On (d): if Aristotelian science is common sense why don't we find Aristotelian science in lots of other places? (And how come so many-culturally-related-to-Aristotle-Greeks [Platonists, Atomists, later Stoics, etc] insisted on disagreeing with him?) Aristotelian science is a majestic achievement, not some kind of articulation of pre-existing common sense. (This is not to deny that there is some, occasional overlap.) But about this some other time more.
Now, does any of this matter, or have I just engaged in an amusing "gotcha" without philosophical substance? In both pieces the present authority of what is taken as 'science' is at issue. Even in philosophy this authority does not just work its way by argument, but also by the image of success or failure it can project.
To return to him for a moment, Noë is clear about what is at stake:
If modern science begins by shaping a conception of the cosmos, its subject matter, in such a way as to exclude mind and life, then it shouldn't come as a surprise that we can't seem to find a place for them in the natural order so conceived.
For Noë modern science, despite its impressive achievements, was basically conceived in sin (I apologize to Alva for using this kind of terminology--it's not his); it can describe and manipulate local mechanisms at the cost of some large remaining gaps in understanding. Thus, our present philosophical predicaments can be traced back to it. [A quick glance at Nagel's book suggests this is also the point of the pseudo "brief history" presented in chapter 3.] Noë doesn't want to do away with modern science, but he would like to reform it and draw on philosophical and scientific resources that have been developed, in part, in opposition to the Absolute Conception of Reality. (This is why he likes Nagel's questions even though he can't bring himself to say anything nice about Nagel's arguments.) But if the Absolute Conception of Reality is not an intrinsic feature of modern science, but itself historically accrued to it, then there may be untapped resources available in the roots of our world view.

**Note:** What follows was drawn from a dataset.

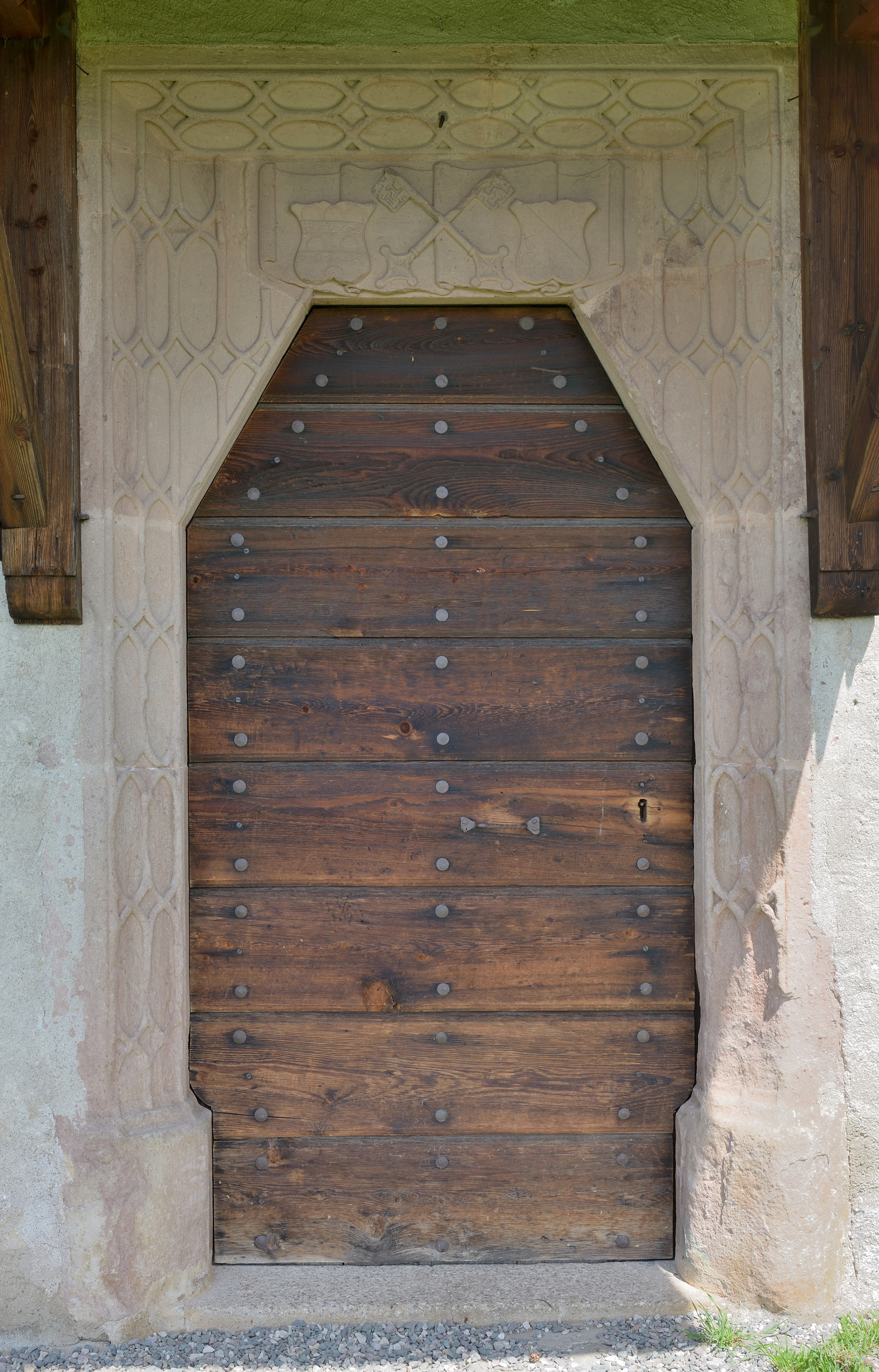 Late gothic doorway to the Sankt Peter am Bichl church in Völs am Schlern - On the arch the coat of arms of the family "Völs" and "Firmian".

Leiter & Weisberg could more easily avoid the claims that I criticize and still successfully target Nagel. Nothing I argue here undermines their claims about the existence of "a massively successful scientific research program" since the scientific revolution. Even so, they rely on a stronger image: one that insists that prior to the Scientific Revolution all was Darkness, and that since there is justifiable confidence that all the important outstanding questions can eventually be answered by this progressive and progressing program. (The historical irony is that this image was promoted by second generation Newtonians within philosophy in order to argue for a science that included natural theology against Spinozists.) But we do not have to buy into Noë's original sin view to question if science as presently organized will secure answers to the important questions. We just don't know.
Finally, I agree with Leiter & Weisberg that philosophers should be cautious about playing "to evolution deniers, intelligent-design acolytes, religious fanatics and others who are not really interested in the substantive scientific and philosophical issues." But we should also be cautious about peddling myths about the past and future of science. For given the authority of science to settle debate within philosophy, we philosophers can succumb to such myths, too.